As Kira thought about this difference between Terran and Bajoran spirits, their food arrived. They started eating and then Kira said, wanting to keep the conversation on him, "So tell me about your school assignment about the art gallery. What does it involve?"

Jake took out his compu-padd and punched up the assignment, then handed it to her. "The person I go with to the exhibit and I have to describe and give our reactions to five different works. Then I write them up and all of our papers will form the basis for a discussion of what art is."

"I'd like to know what your class comes up with. I don't know what art is, either."

"You don't?"

"No. I'm not even sure if art does any good, if it has a purpose besides its own existence."

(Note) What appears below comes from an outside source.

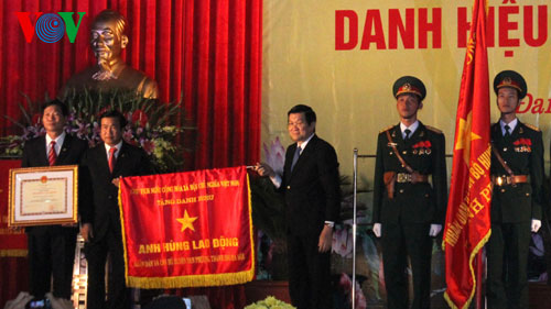 (VOV5) - Chiều nay (19/10), Đảng bộ, chính quyền và nhân dân huyện Đan Phương, thành phố Hà Nội đã long trọng tổ chức Lễ đón nhận danh hiệu Anh hùng Lao động, phần thưởng cao quý của Đảng và Nhà nước trao tặng. Tới dự có Chủ tịch nước Trương Tấn Sang; Ủy viên Bộ Chính trị, Bí thư Thành ủy Hà Nội Phạm Quang Nghị; đại diện lãnh đạo các ban ngành Trung ương và thành phố Hà Nội, cùng đông đảo bà con địa phương.
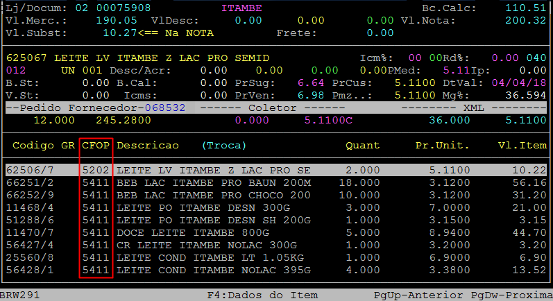 No exemplo abaixo, ao somar os valores da nota fiscal no item tem o seguinte resultado:

"But this is Bajoran art!" Jake protested. "Doesn't that give it purpose to you?"

"Well, just because I'm Bajoran doesn't mean I automatically understand Bajoran art, just like your being Human doesn't mean you automatically understand 'Hamlet.'"

Jake had to admit, "You're right."

Kira noticed that the light in his eyes had changed. It reminded her of how her brother Nishan would look at her when she faked him out in springball for the winning point, or when they played "Terrorist" and she reached their objective first through an ingenious twist that had never occurred to him. She knew that admiring look. And, coming from Jake, she knew it meant that she was no longer the Paragon of Virtue in his eyes, but simply a person, and she was glad. It meant they were becoming friends.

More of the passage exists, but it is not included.